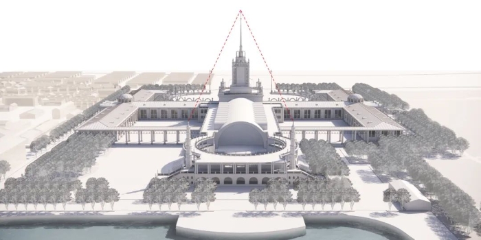 过去的艺术作品不论产生在哪种社会条件下,在物质文化和艺术名迹的形式和用途上,都会留下自己的标志的,但在这些名迹上,首先是不朽的建筑作品上,不管他的用途如何,人民总要表现自己的文化、自己的艺术,总要在石头上铭记下人民历史中的伟大事件。除了“社会主义现实主义”,彼时的前苏联还有一句响亮的口号“社会主义内容,民族形式。”所谓内容的体现,基本上就是用各种方法表现社会主义优越性,而这时的民族形式主要是奉古典传统为圭臬。就像我们经常提到“汉唐风格”“明清法度”一样,追寻古典通常都要把祖上最光荣的时代翻出来。这也容易理解,伟大时代的建筑通常在规模、技术和艺术上都更具有代表性,的确容易激发出民族自豪感。
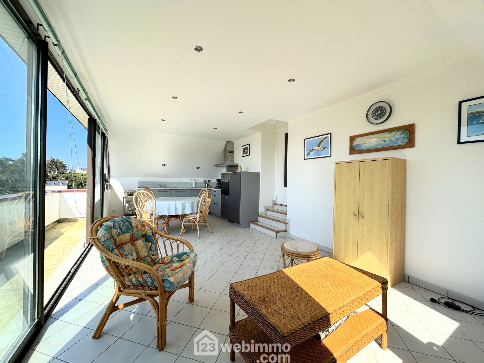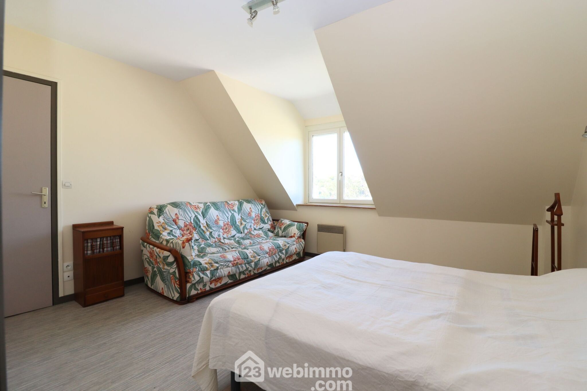 A l'étage, le palier dessert une seconde pièce de vie de 27m2 avec cuisine aménagée et équipée SCHMIDT prolongée d'un balcon de 7m2 offrant une vue imprenable du port de Locquémeau jusqu'à la pointe de Roskoualc'h. L'étage se poursuit avec 2 chambres de 15m2 et 13,5m2 au sol (12 et 11m2 habitables) ainsi qu'un cabinet de toilette transformable en salle de douches avec WC.
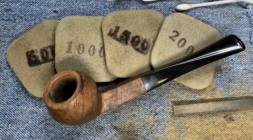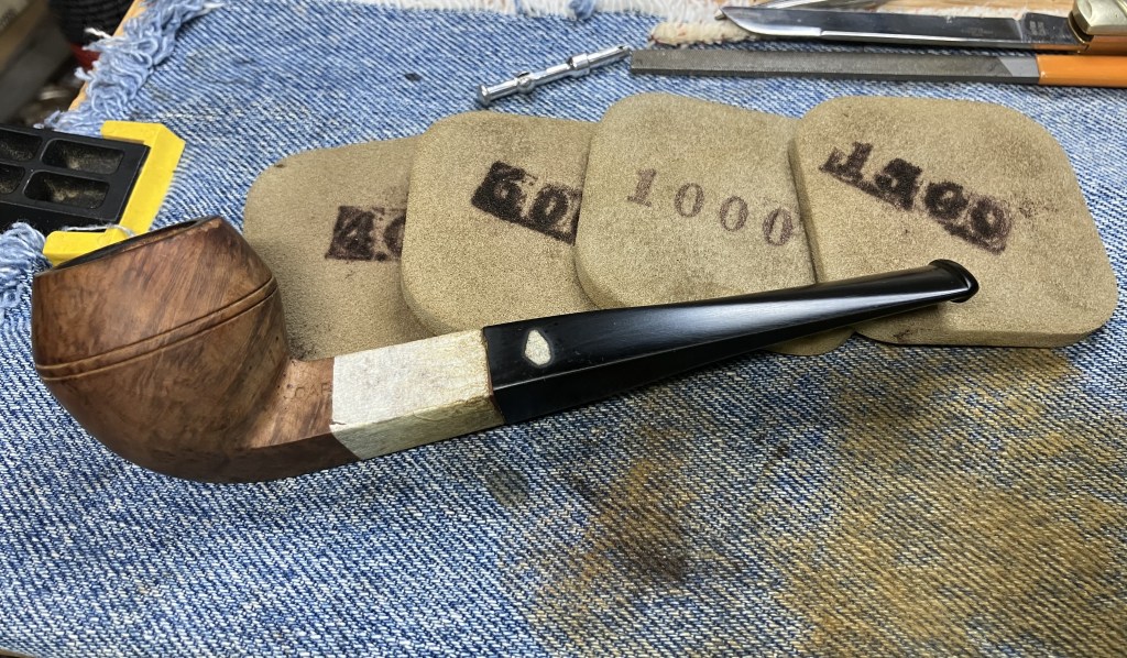 I wanted this pipe to be lighter in color to show off the briar grain. I first started a light sanding with a 320 grit sanding sponge.
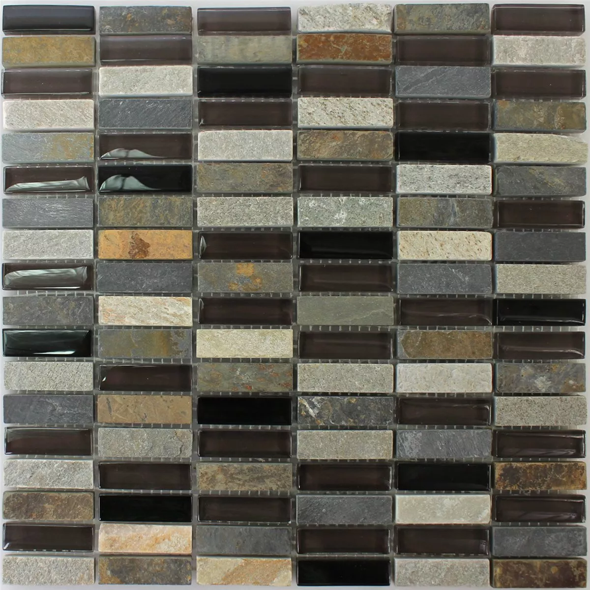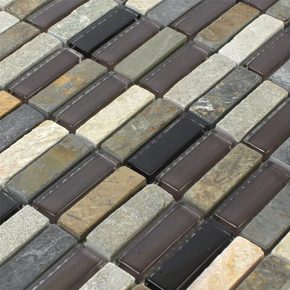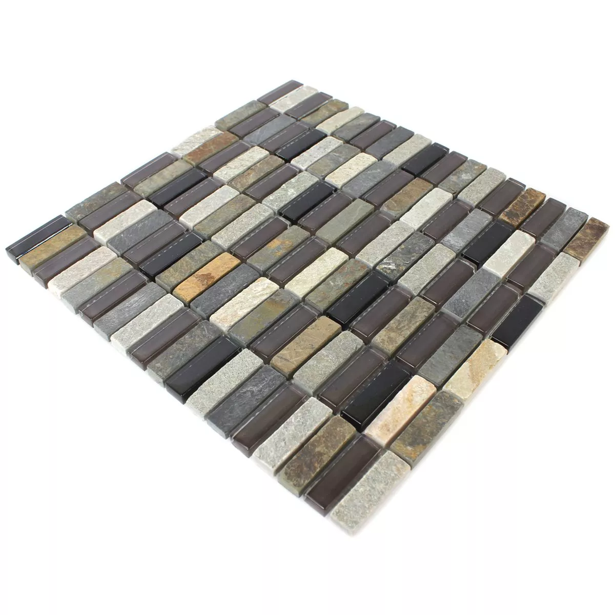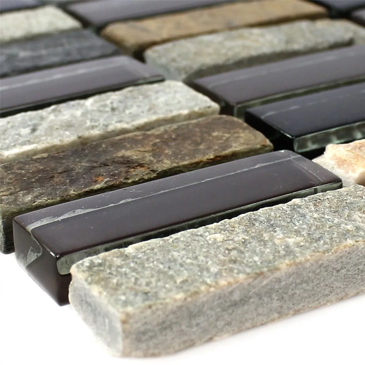Sample Mosaic Tiles Glass Quartzite Natural Stone Grey Brown
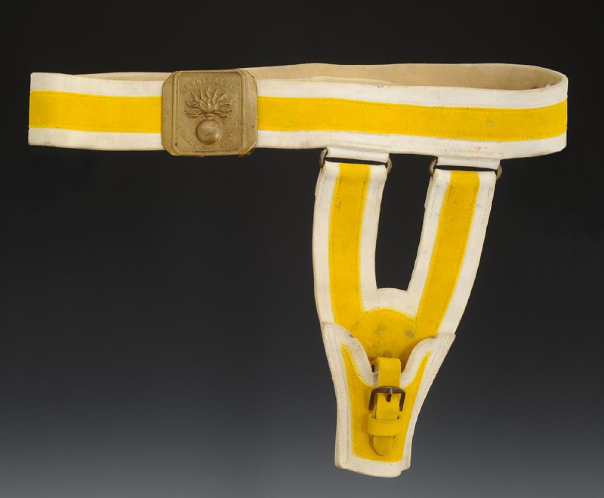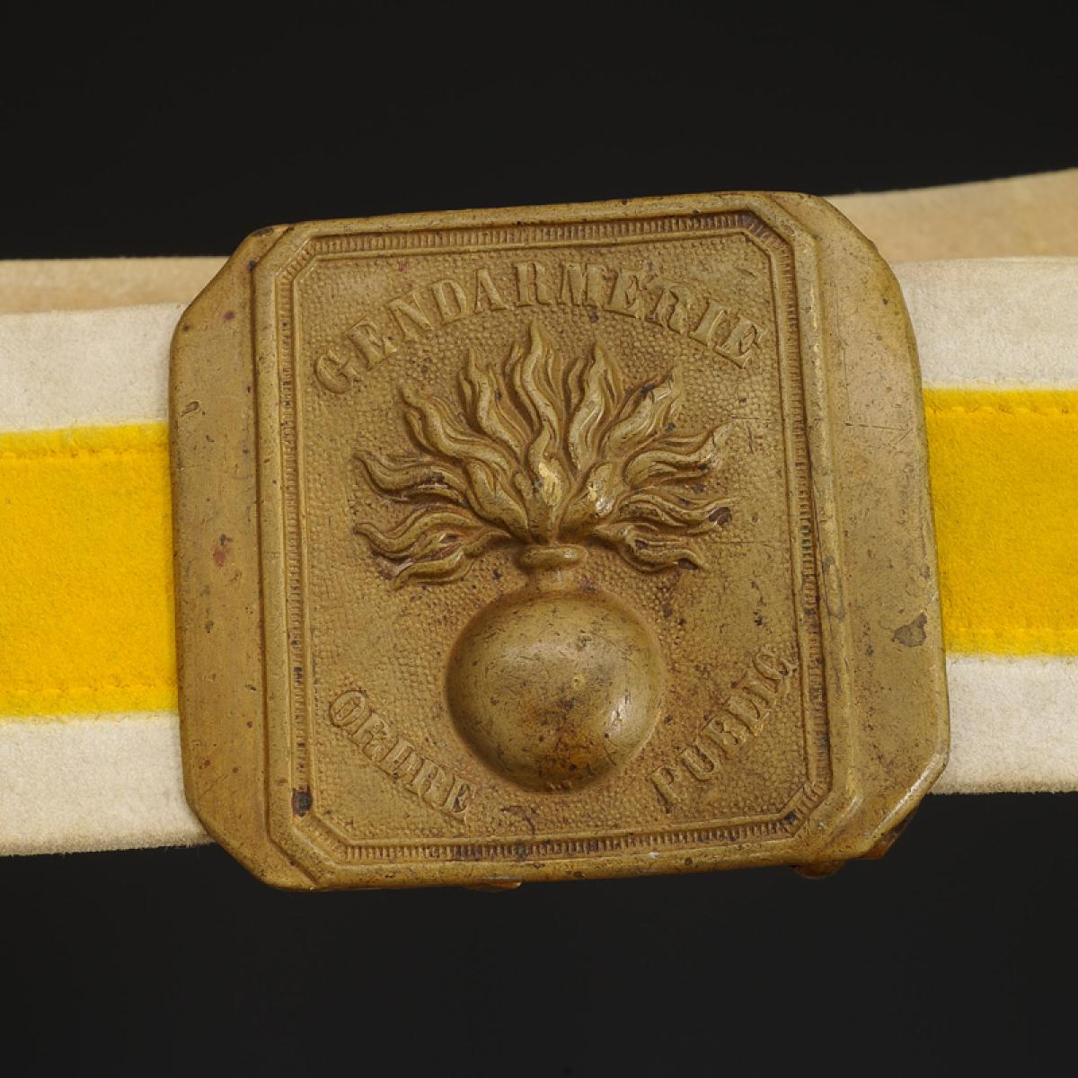 En buffle blanchi avec centre teint en jaune, avec sa plaque rectangulaire en laiton aux angles coupés moulée en relief d'une bombe enflammée avec l'inscription « GENDARMERIE ORDRE PUBLIC », H de la plaque 6,6 cm, largeur 7,5 cm. Largeur du ceinturon 5 cm.
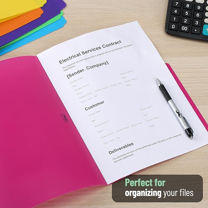 Mr. Pen- Poly File Folders, 1/3 Cut Tab, 6 Pack, Assorted Colors, Letter Size, Colored Letter File Folders for Office Supplies

◇ ◇ ◇

Action item. Would you retype each line above exactly and skip every image?

Solution to the problem.
 过去的艺术作品不论产生在哪种社会条件下,在物质文化和艺术名迹的形式和用途上,都会留下自己的标志的,但在这些名迹上,首先是不朽的建筑作品上,不管他的用途如何,人民总要表现自己的文化、自己的艺术,总要在石头上铭记下人民历史中的伟大事件。除了“社会主义现实主义”,彼时的前苏联还有一句响亮的口号“社会主义内容,民族形式。”所谓内容的体现,基本上就是用各种方法表现社会主义优越性,而这时的民族形式主要是奉古典传统为圭臬。就像我们经常提到“汉唐风格”“明清法度”一样,追寻古典通常都要把祖上最光荣的时代翻出来。这也容易理解,伟大时代的建筑通常在规模、技术和艺术上都更具有代表性,的确容易激发出民族自豪感。
 A l'étage, le palier dessert une seconde pièce de vie de 27m2 avec cuisine aménagée et équipée SCHMIDT prolongée d'un balcon de 7m2 offrant une vue imprenable du port de Locquémeau jusqu'à la pointe de Roskoualc'h. L'étage se poursuit avec 2 chambres de 15m2 et 13,5m2 au sol (12 et 11m2 habitables) ainsi qu'un cabinet de toilette transformable en salle de douches avec WC.
 I wanted this pipe to be lighter in color to show off the briar grain. I first started a light sanding with a 320 grit sanding sponge.
Sample Mosaic Tiles Glass Quartzite Natural Stone Grey Brown
 En buffle blanchi avec centre teint en jaune, avec sa plaque rectangulaire en laiton aux angles coupés moulée en relief d'une bombe enflammée avec l'inscription « GENDARMERIE ORDRE PUBLIC », H de la plaque 6,6 cm, largeur 7,5 cm. Largeur du ceinturon 5 cm.
 Mr. Pen- Poly File Folders, 1/3 Cut Tab, 6 Pack, Assorted Colors, Letter Size, Colored Letter File Folders for Office Supplies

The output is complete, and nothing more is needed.